Former Croatian president Franjo Tudjman's name appears three times as a co-offender in the indictment, which alleges that "Gotovina, acting individually and/or in concert with others, including Tudjman, planned, instigated, ordered, committed or otherwise aided and abetted in planning, preparation or execution of the crimes committed in the course of, and after, the 'Oluja' (Storm) offensive".
The indictment bears up a statement given last year to Tribunal Update by deputy prosecutor Graham Blewitt who said that the former president's responsibility would be "reflected in some future indictments for Operation Storm. (see Tribunal Update Nos. 163 and 164, February 7-12, 2000, and February 14-19, 2000, respectively)
Gotovina, who disappeared at the beginning of July, is a former French legionnaire, who returned to Croatia on the eve of the war with Serbia in 1991.He became commander of the Split military district, which included the southern part of the Srpska Krajina.
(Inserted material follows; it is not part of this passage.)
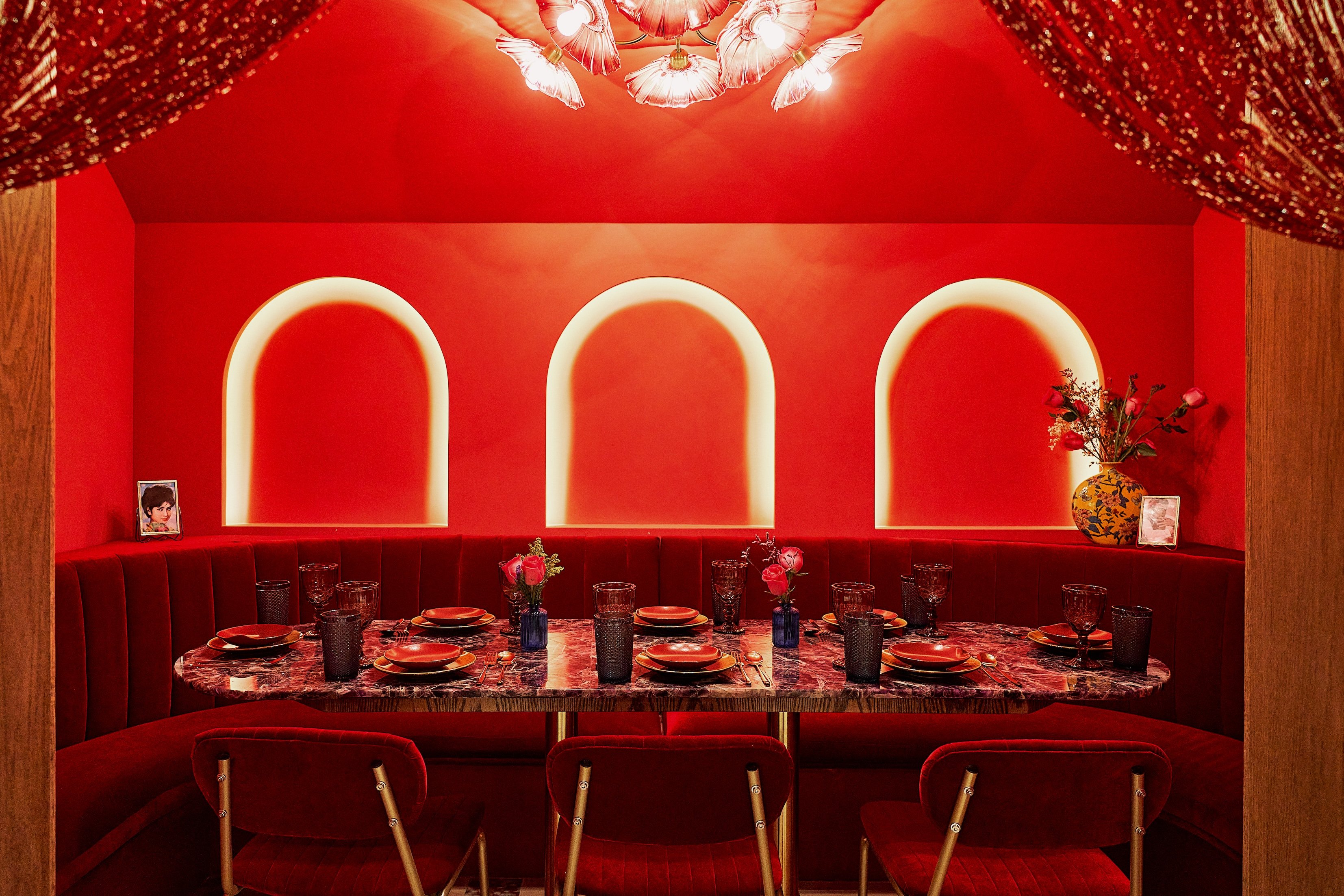 The design reflects this vibrant theme, combining vintage Bangkok glamour with conventional Thai materials. Guests are welcomed by a striking portrait of Jae Hwee, the restaurant’s muse, and can admire the colorful Thai stained glass windows, a sumptuous Breccia Scoppio marble bar, and neon lighting that evokes a lively atmosphere.

The units under his command during Operation Storm were active in the United Nations Protected Area Sector South in August 1995.
According to the indictment against him, Gotovina, as commander of Croat forces in Sector South, stands accused of persecuting Krajina Serbs on political, racial and religious grounds, the killing of at least 150 civilians and the disappearance of hundreds of others.
Charges are also levelled against him for the cumulative effect of the killings, burning and destruction which "led to the large scale displacement of an estimated 150,000 - 200,000 Krajina Serbs to Bosnia-Herzegovina and Serbia".
Finally, Gotovina is accused of other inhuman acts including inhumane treatment, degradation by beating and assault.
Chief Prosecutor Carla Del Ponte issued a statement after Gotovina's indictment was released, in which she said she attempted to answer objections to indictments against Croatian leaders fighting 'The Homeland War'. Opponents of Croatian cooperation with The Hague have said that the tribunal is putting the whole country on trial for war crimes,
Del Ponte said that neither she nor the tribunal took a position on "whether or not a state has the legal right to use force in particular circumstances to accomplish its objectives", and that they were there to look into individual allegations of war crimes and crimes against humanity.
"It is important to remember that, even within a lawful armed conflict, an individual may nevertheless commit serious violations of international humanitarian law," she said.
There could well be further prosecutions for crimes committed during Operation Storm. In a confidential document belonging to Office of the Prosecutor, leaked to The New York Times in March 1999, Generals Mirko Norac and Ivan Cermak, besides Gotovina, were both mentioned as potential indictees.
However, the prosecutor's office said the leaked document was out of date and "merely represents expressions of opinion, arguments and hypotheses from various staff members ... and not in any way the concluded decisions of the prosecutor". (See Tribunal Update 118, March 22-27, 1999)
It should be noted, however, that some other documents leaked at the same time to the New York Times have in the meantime proven to be true. The documents referred to the prosecutor's decision to create a special team to investigate Slobodan Milosevic and his responsibility for the Balkan war crimes. It also said "the investigators have also recently begun looking whether Franjo Tudjman, should be held responsible under the international law for his role in Operation Storm".
Mirko Klarin is IWPR senior editor for the war crimes tribunal and editor-in-chief of SENSE News Agency.